Na czwartkowym briefingu rzecznik MSZ Paweł Wroński poinformował, iż według wstępnych informacji na liście uwolnionych więźniów jest trójka obywateli Polski, w tym osoby skazane na długoletnie wyroki, oraz ośmioro obywateli Białorusi, którzy byli dziennikarzami – współpracownikami Telewizji Biełsat i innych polskich mediów. Zaznaczył, iż nie poda nazwisk uwolnionych.
W grupie uwolnionych nie ma dziennikarza i działacza mniejszości polskiej na Białorusi Andrzeja Poczobuta
– Liczymy, iż w następnej grupie, która zostanie uwolniona z więzień białoruskich, znajdzie się również Andrzej Poczobut – oświadczył rzecznik MSZ, podkreślając, iż jest on nieustannie na „pierwszym miejscu oczekiwań” polskiej dyplomacji.
💬 Na liście wśród uwolnionych 52 więźniów jest trójka polskich obywateli i ósemka obywateli Białorusi, którzy byli dziennikarzami, współpracownikami telewizji Biełsat i innych polskich mediów.
— Ministerstwo Spraw Zagranicznych RP 🇵🇱 (@MSZ_RP) September 11, 2025
O ich uwolnienie starała się polska dyplomacja.
| @RzecznikMSZ Paweł Wroński
Dziś Białoruś zwolniła z więzień 52 osoby, w tym 14 cudzoziemców. Informację o uwolnieniu podała najpierw ambasada USA w Wilnie, następnie prezydent Litwy Gitanas Nauseda, który potwierdził, iż uwolnieni są na terytorium Litwy.
Kto został uwolniony?
Wśród uwolnionych jest opozycjonista Mikoła Statkiewicz, a także filozof Uładzimir Mackiewicz – poinformowali obrońcy praw człowieka z organizacji Wiasna. Statkiewicz, długoletni działacz opozycji, został zatrzymany w 2020 roku.
Niezależne media białoruskie podały, iż wśród uwolnionych są też aktywista Mikoła Dzjadok, opozycyjny bloger Ihar Łosik, obywatelka Litwy Elena Ramanauskiene.
Ułaskawieni przez Łukaszenkę
Państwowa białoruska agencja BiełTA podała, iż Łukaszenka ułaskawił 14 cudzoziemców, w tym dwóch obywateli Polski. Sześć osób wśród pozostałych uwolnionych to obywatele Litwy, dwie Łotwy, dwie Niemiec, jedna osoba ma obywatelstwo Francji i również jedna Wielkiej Brytanii.

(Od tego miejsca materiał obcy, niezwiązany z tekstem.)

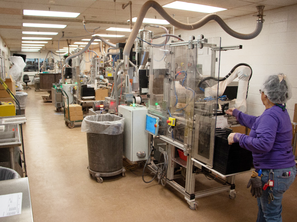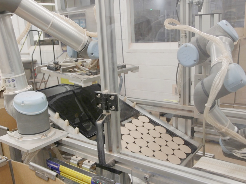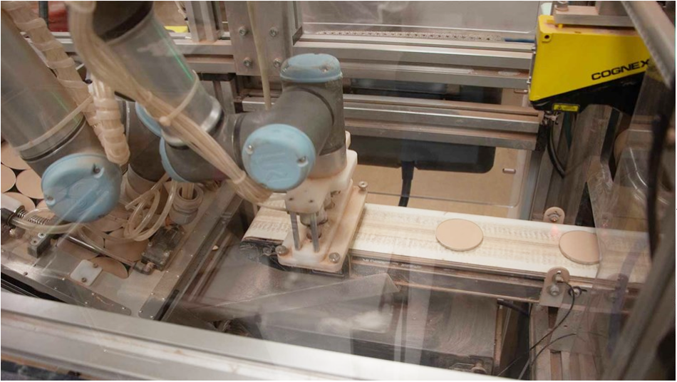 在位于马里兰州的科蒂工厂里,目前四辆移动推车上安置了八台优傲机器人,用以改良和自动化粉饼生产和包装流程。该移动式解决方案能够为其每年节省50万美元,同时改善了质量检验和员工工作环境。

BiełTA podała, iż uwolnienie tych osób nastąpiło na prośbę prezydenta USA Donalda Trumpa i innych przywódców.
Dodała, iż chodzi o osoby skazane na Białorusi na podstawie zarzutów dotyczących „działalności szpiegowskiej”, „udziału w działalności ekstremistycznej i terrorystycznej”. Pod takimi zarzutami skazywani byli na Białorusi opozycjoniści i uczestnicy prodemokratycznych protestów.